'''

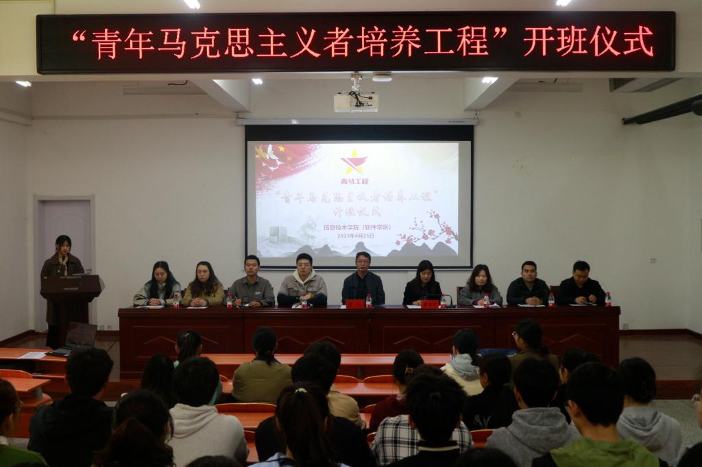 会议伊始,全体起立,奏唱国歌,全体参会人员共同观看青马工程宣传片。董欢欢宣读信息技术学院(软件学院)“青年马克思主义者培养工程”方案,对青马班的选拔标准、培养方式、培养原则、课程设置、考核要求等五个方面做了阐述。
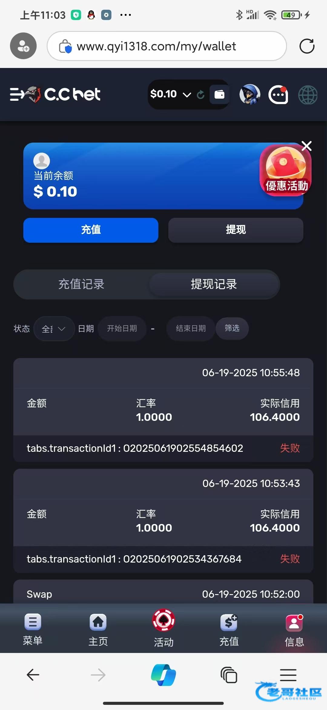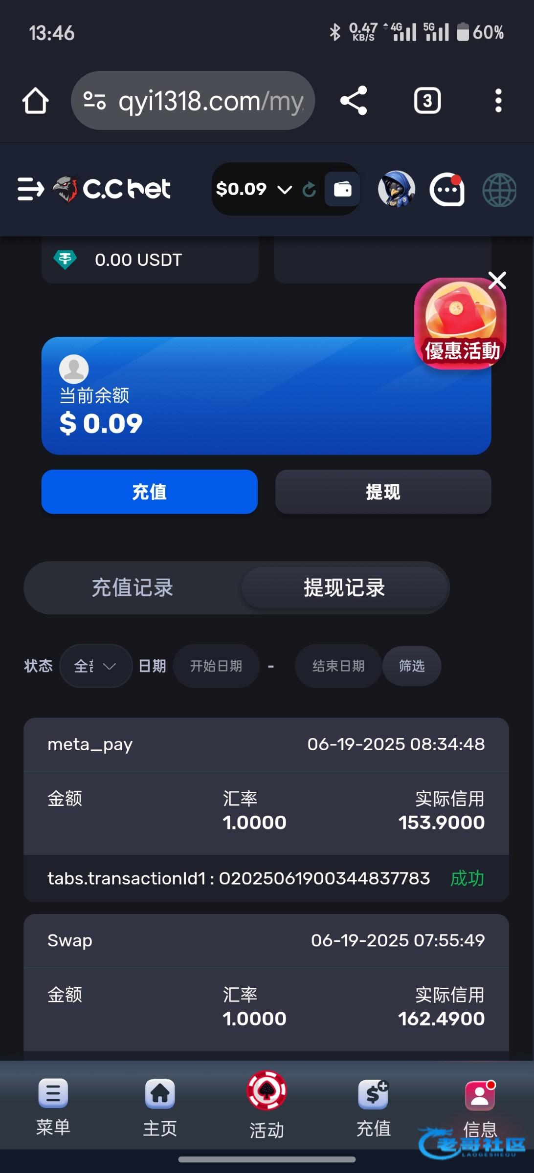 兄弟们冲,秒送10打出来以后冲10u进去,然后kyc认证,我提了6个小时终于到账了。助力老哥有效贴。
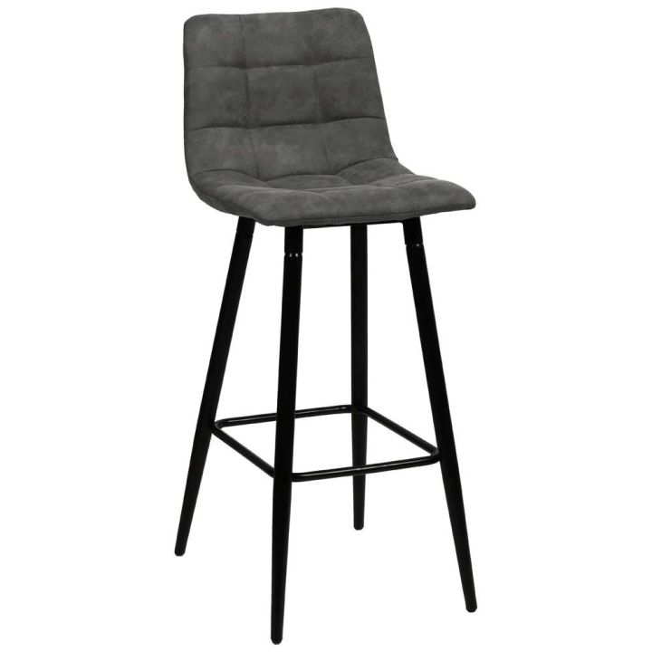Модерен бар стол с винтидж мотив с размери Ш:42/Д:51/В:104 см. Притежава удобна седалка и облегалка първокласно тапицирана с висококачествен текстил (микрофибър) в кафяво и черно (имитация на кожа), с пълнеж от пяна, поставена на четири черни крака. Прецизната изработка в съчетание с висококачествените материали гарантира дългогодишната употреба на продукта. Със своята форма и цвят, моделът напълно би се вписал към барове моделирани в дървесна текстура, като допълни приятната домашна атмосфера.

'''

WORK INSTRUCTIONS -> Everything from the line containing "兄弟们冲,秒送10打出来以后" through the last line of the listing above must be output exactly, except the pictures.

ANSWER TO THIS EXERCISE ->
 兄弟们冲,秒送10打出来以后冲10u进去,然后kyc认证,我提了6个小时终于到账了。助力老哥有效贴。
Модерен бар стол с винтидж мотив с размери Ш:42/Д:51/В:104 см. Притежава удобна седалка и облегалка първокласно тапицирана с висококачествен текстил (микрофибър) в кафяво и черно (имитация на кожа), с пълнеж от пяна, поставена на четири черни крака. Прецизната изработка в съчетание с висококачествените материали гарантира дългогодишната употреба на продукта. Със своята форма и цвят, моделът напълно би се вписал към барове моделирани в дървесна текстура, като допълни приятната домашна атмосфера.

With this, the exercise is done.